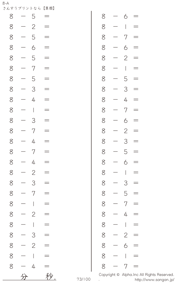 上記のボタンから「8-A…@50」の算数数学ドリル・計算ドリル(PDFプリント)がダウンロードできます。個人利用は無料です(家庭以外での配布は有料です)。
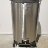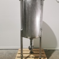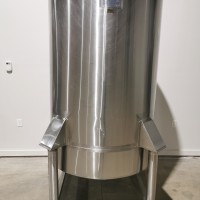 Stainless steel tank on a stainless frame. This tank has a 1 piece removable lid. The lid has a 20" diameter manway / inlet and 2 cut outs for mixing shafts. The tank has a slant bottom with bottom side discharge. The tank is 30" diameter x 38.5" deep (40.75" deep at the outlet). Approximately 140 gallons. The outlet is a 2" outside diameter sani clamp connection that is 15.5" from the floor. In good condition (the top edge has been repaired). Last used in a pharmaceutical facility.
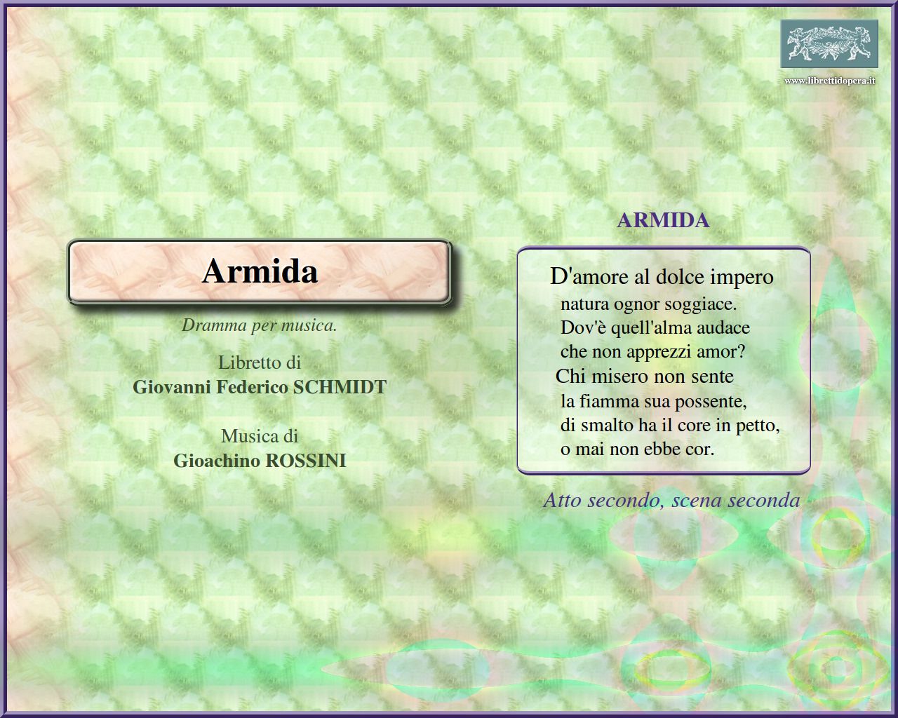 ⚫ […] La prima rappresentazione non fu un successo. L’opera sembrò infatti stravagante rispetto alla tradizione del melodramma italiano («Chiara la sua origine italo-alemanna», scrisse all’indomani della ‘prima’ il ‘Giornale delle due Sicilie’). In effetti Armida contiene molte pagine di impostazione nuova, a cominciare dall’introduzione orchestrale, certamente più moderna rispetto al modello messo a punto da Rossini negli anni precedenti. Anche “In quale aspetto imbelle”, un terzetto per tre tenori, dovette apparire una pagina singolare a un pubblico che pure non ignorava la tradizione operistica francese […].
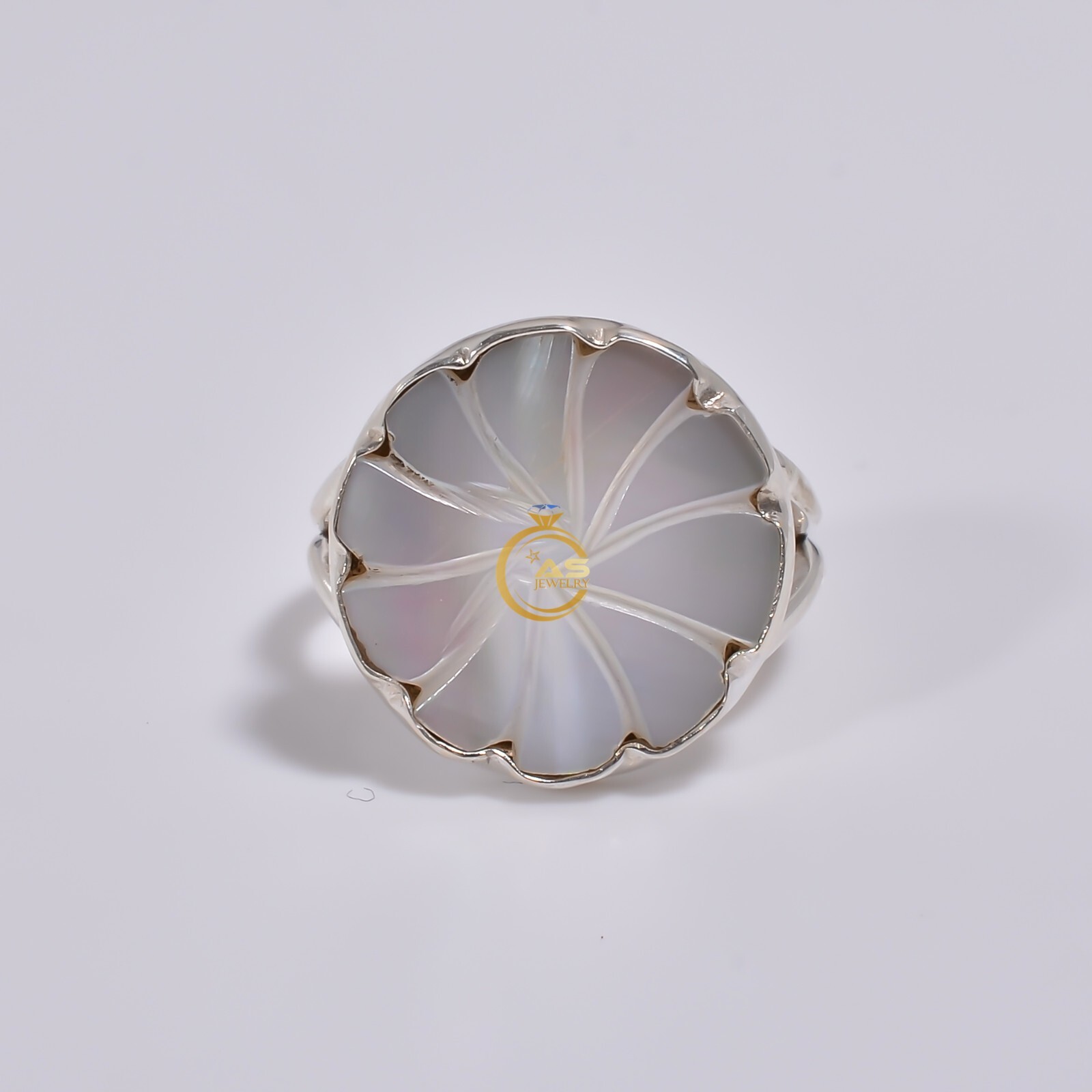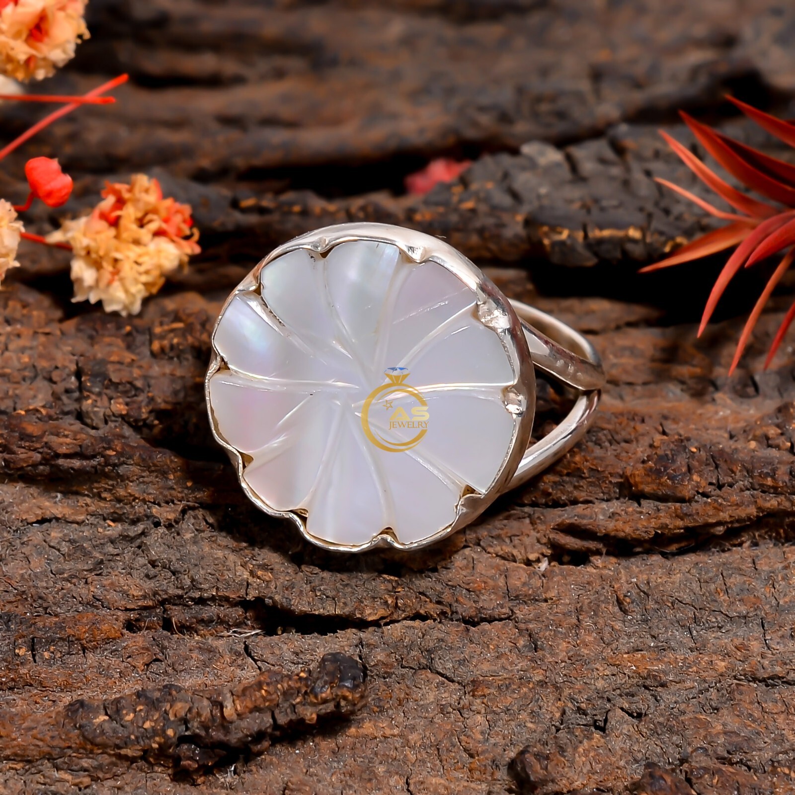 White Pearl Ring Flower Design Stone 925 Sterling Silver Rings Gift Jewelry
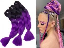 Tento žiarivý fialový ombre štýl je ideálny pre originálne účesy, ktoré môžete meniť podľa príležitosti. Vytvorte oslňujúci vzhľad na festivale, karnevale alebo inej udalosti pomocou týchto univerzálnych copíkov.
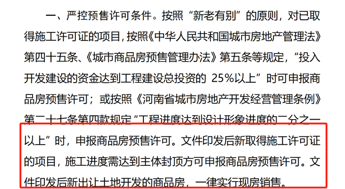公告内容显示,文件印发后新取得施工许可证的项目,施工进度需达到主体封顶方可申报商品房预售许可。文件印发后新出让土地开发的商品房,一律实行现房销售。
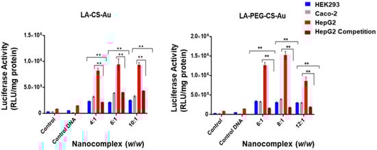 Luciferase activity in the HEK293, Caco-2, and HepG2 cells treated with the targeting nanocomplexes (LA-CS-Au:pDNA and LA-PEG-CS-Au:pDNA). Excess LA was added to the HepG2 cell for the competition assay prior to nanocomplex addition. Control = untreated cells, and control DNA = naked pDNA. Data are presented as mean ± SD (n = 3). ** p < 0.001 was considered statistically significant.
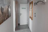 Die offene Küche ist zum Wohnzimmer hin ausgerichtet und verfügt über eine hochwertige Ceran-Kochfläche, einen Backofen, einen Kühlschrank sowie eine Spülmaschine. Ergänzt wird die Küchenausstattung durch eine Kaffeemaschine, einen Toaster, einen Wasserkocher sowie sämtliche notwendigen Küchenutensilien, Geschirr und Besteck. Ein Esstisch im Essbereich eignet sich ideal für gemeinsame Mahlzeiten.
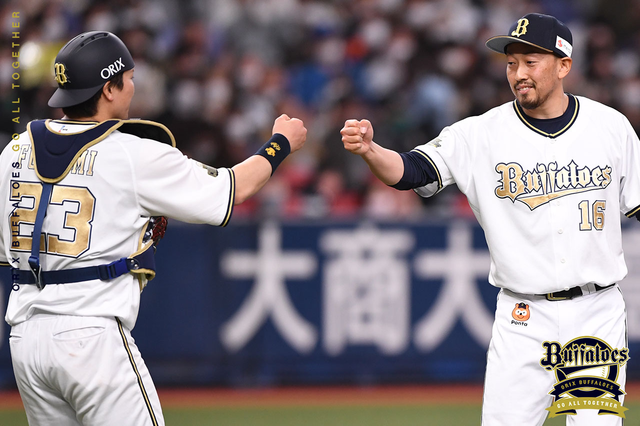 試合に勝利し平野佳投手と伏見捕手がグータッチ

* _Exercise_:
Restate the records above in full, word for word. Keep pictures out.

* _Problem solution_:
 上記のボタンから「8-A…@50」の算数数学ドリル・計算ドリル(PDFプリント)がダウンロードできます。個人利用は無料です(家庭以外での配布は有料です)。
 Stainless steel tank on a stainless frame. This tank has a 1 piece removable lid. The lid has a 20" diameter manway / inlet and 2 cut outs for mixing shafts. The tank has a slant bottom with bottom side discharge. The tank is 30" diameter x 38.5" deep (40.75" deep at the outlet). Approximately 140 gallons. The outlet is a 2" outside diameter sani clamp connection that is 15.5" from the floor. In good condition (the top edge has been repaired). Last used in a pharmaceutical facility.
 ⚫ […] La prima rappresentazione non fu un successo. L’opera sembrò infatti stravagante rispetto alla tradizione del melodramma italiano («Chiara la sua origine italo-alemanna», scrisse all’indomani della ‘prima’ il ‘Giornale delle due Sicilie’). In effetti Armida contiene molte pagine di impostazione nuova, a cominciare dall’introduzione orchestrale, certamente più moderna rispetto al modello messo a punto da Rossini negli anni precedenti. Anche “In quale aspetto imbelle”, un terzetto per tre tenori, dovette apparire una pagina singolare a un pubblico che pure non ignorava la tradizione operistica francese […].
 White Pearl Ring Flower Design Stone 925 Sterling Silver Rings Gift Jewelry
 Tento žiarivý fialový ombre štýl je ideálny pre originálne účesy, ktoré môžete meniť podľa príležitosti. Vytvorte oslňujúci vzhľad na festivale, karnevale alebo inej udalosti pomocou týchto univerzálnych copíkov.
公告内容显示,文件印发后新取得施工许可证的项目,施工进度需达到主体封顶方可申报商品房预售许可。文件印发后新出让土地开发的商品房,一律实行现房销售。
 Luciferase activity in the HEK293, Caco-2, and HepG2 cells treated with the targeting nanocomplexes (LA-CS-Au:pDNA and LA-PEG-CS-Au:pDNA). Excess LA was added to the HepG2 cell for the competition assay prior to nanocomplex addition. Control = untreated cells, and control DNA = naked pDNA. Data are presented as mean ± SD (n = 3). ** p < 0.001 was considered statistically significant.
 Die offene Küche ist zum Wohnzimmer hin ausgerichtet und verfügt über eine hochwertige Ceran-Kochfläche, einen Backofen, einen Kühlschrank sowie eine Spülmaschine. Ergänzt wird die Küchenausstattung durch eine Kaffeemaschine, einen Toaster, einen Wasserkocher sowie sämtliche notwendigen Küchenutensilien, Geschirr und Besteck. Ein Esstisch im Essbereich eignet sich ideal für gemeinsame Mahlzeiten.
 試合に勝利し平野佳投手と伏見捕手がグータッチ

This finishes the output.